- Official release poster
- Directed by: Saurabh Shukla
- Written by: Saurabh Shukla
- Based on: Jab Khuli Kitaab by Saurabh Shukla
- Produced by: Sameer Nair; Deepak Segal; Naren Kumar; Saurabh Shukla; Mahesh Korade;
- Starring: Pankaj Kapur; Dimple Kapadia; Aparshakti Khurana;
- Cinematography: Adri Thakur
- Edited by: Kunal Walve
- Production companies: Applause Entertainment; Shoestrap Films;
- Distributed by: ZEE5
- Release dates: November 2024 (IFFI); 6 March 2026;
- Running time: 115 minutes
- Country: India
- Language: Hindi

= Jab Khuli Kitaab =

Jab Khuli Kitaab is a 2024 Indian Hindi-language romantic comedy-drama film written and directed by Saurabh Shukla. Produced by Applause Entertainment and Shoe Strap Films, it is a cinematic adaptation of Shukla's own stage play of the same name. The film stars Pankaj Kapur and Dimple Kapadia as an elderly couple who decide to seek a divorce after 50 years of marriage.
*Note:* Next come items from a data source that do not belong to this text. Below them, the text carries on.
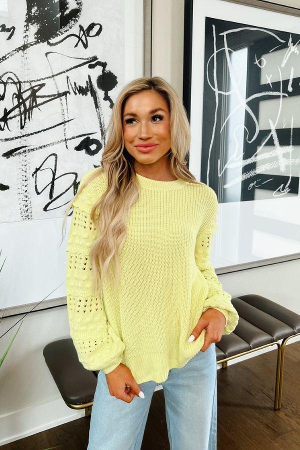 - Stay city chic in this trendy sweater! - Unlined knit material with a ribbed texture - A crew cut neckline - Long, loose, textured sleeves with scalloped accents and ribbed cuffs - A relaxed silhouette that ends in a straight hemline Measurements S : Bust 40", Hip 36", Length 22", Sleeve Length 23.5", Waist 38". M : Bust 42", Hip 38", Length 22.5", Sleeve Length 24", Waist 40". L : Bust 44", Hip 40", Length 22.5", Sleeve Length 24.5", Waist 42".
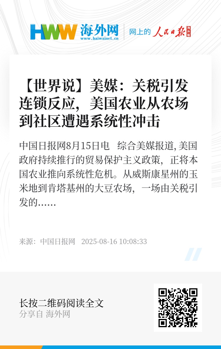 中国日报网8月15日电 综合美媒报道,美国政府持续推行的贸易保护主义政策,正将本国农业推向系统性危机。从威斯康星州的玉米地到肯塔基州的大豆农场,一场由关税引发的危机正在全美蔓延。
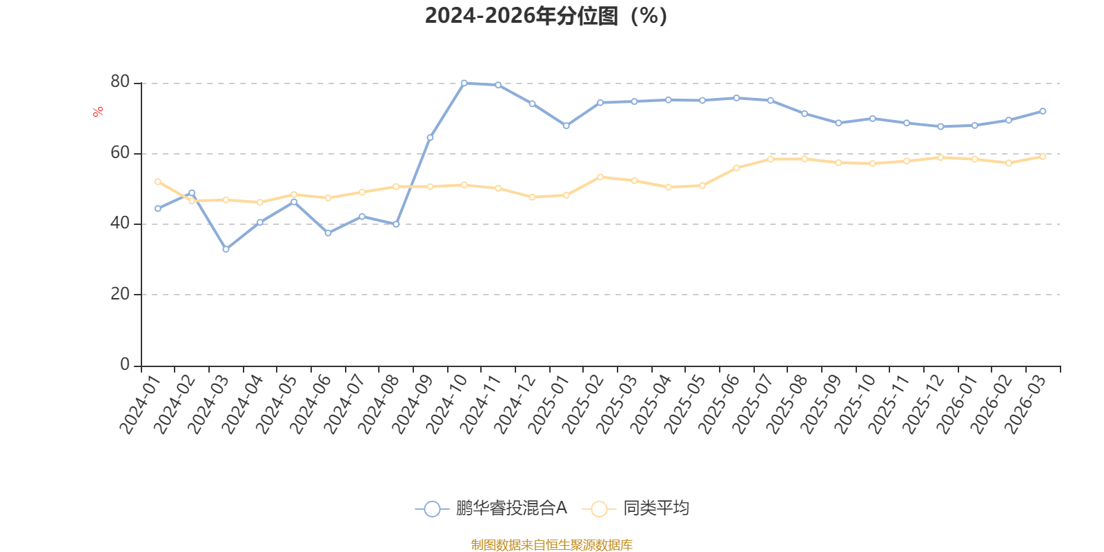 通过所选区间该基金净值增长率分位图,可以观察该基金与同类基金业绩比较情况。图为坐标原点到区间内某时点的净值增长率在同类基金中的分位数。
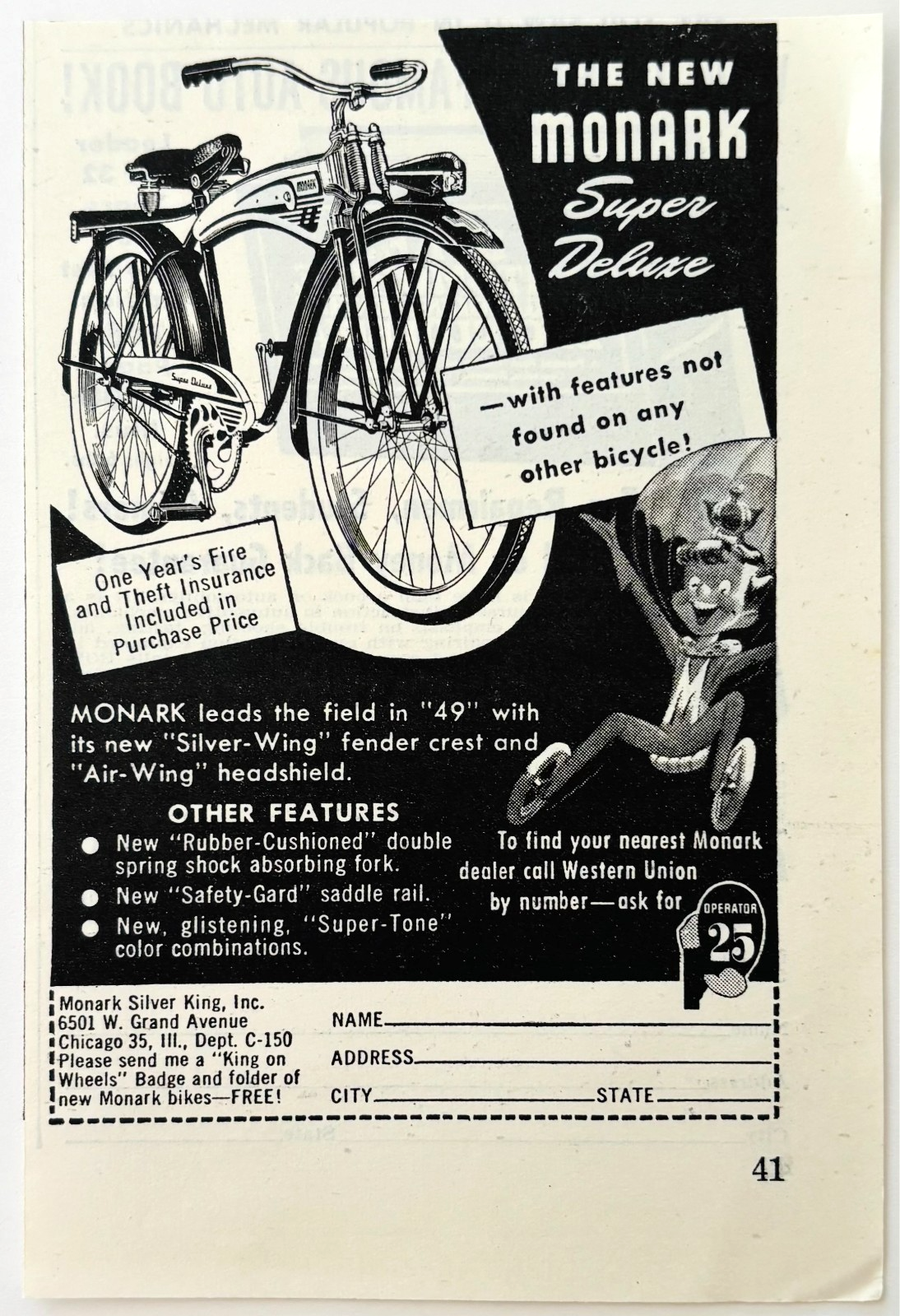 - 1949 Monark Super Deluxe Bicycle Advertisement Transportation Bikes DWU16A
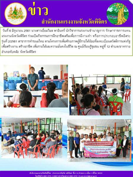 วันที่ 6 มิถุนายน 2561 นางสาวเยี่ยมวิมล พาอินทร์ นักวิชาการแรงงานชำนาญการ รักษาราชการแทนแรงงานจังหวัดพิจิตร ร่วมเปิดกิจกรรมการฝึกอาชีพเสริมเพื่อการมีงานทำ หรือการประกอบอาชีพอิสระ รุ่นที่ 2/2561 สาขาการทำขนมไทย ตามโครงการเพิ่มศักยภาพผู้มีรายได้น้อยที่ลงทะเบียนสวัสดิการแห่งรัฐ เพื่อสร้างงาน สร้างอาชีพ เพิ่มรายได้และความมั่นคงในชีวิต ณ ศูนย์เรียนรู้ชุมชน หมู่ที่ 12 ตำบลเขาทราย อำเภอทับคล้อ จังหวัดพิจิตร

The film premiered on the streaming service ZEE5 on 6 March 2026.

== Plot ==
Set in the picturesque town of Ranikhet, Uttarakhand, Gopal Chandra Nautiyal has spent the last two years devotedly caring for his wife, Anusuya, who has been in a coma. When Anusuya miraculously awakens, the family's joy is short-lived. During a moment of reflection, she confesses to a brief extra-marital affair that occurred decades earlier in their marriage.

Stunned and feeling betrayed by the revelation, the elderly Gopal decides to file for divorce, much to the shock of their grown children and the local community. The film follows the legal and emotional fallout as the couple navigates the proceedings with a young lawyer, eventually exploring themes of aging, forgiveness, and the complexity of long-term relationships.

== Cast ==

- Pankaj Kapur as Gopal Chandra Nautiyal
- Dimple Kapadia as Anusuya Nautiyal
- Aparshakti Khurana as RK Negi, the lawyer
- Manasi Parekh as Asha,the judge.
- Samir Soni as Param, Gopal and Anusuya's son
- Nauheed Cyrusi as Farnaaz
- Sunil Palwal
- Devyani Ratanpal

== Production ==
The film was officially announced in December 2021. Director Saurabh Shukla stated that the story was originally written as a screenplay before he adapted it into a play for the Aadhyam theater festival. Principal photography took place in late 2021 and early 2022, primarily in Ranikhet and other parts of Uttarakhand.

== Reception ==
The Times of India gave the film 3/5 stars, noting that while the "stellar performances" by Kapur and Kapadia keep the movie afloat, the transition from stage to screen feels "stagnant" in parts. News18 highlighted the emotional weight of the drama but felt the humor was occasionally forced.

Sukanya Verma of Rediff.com praised the "dignity" Kapadia brings to her role but remarked that the film struggles to maintain momentum. Scroll.in was more critical, describing it as an "open-and-shut case" that fails to fully capitalize on its unique premise. Amar Ujala and ABP News both appreciated the film's family-centric emotional core, particularly the chemistry between the lead pair.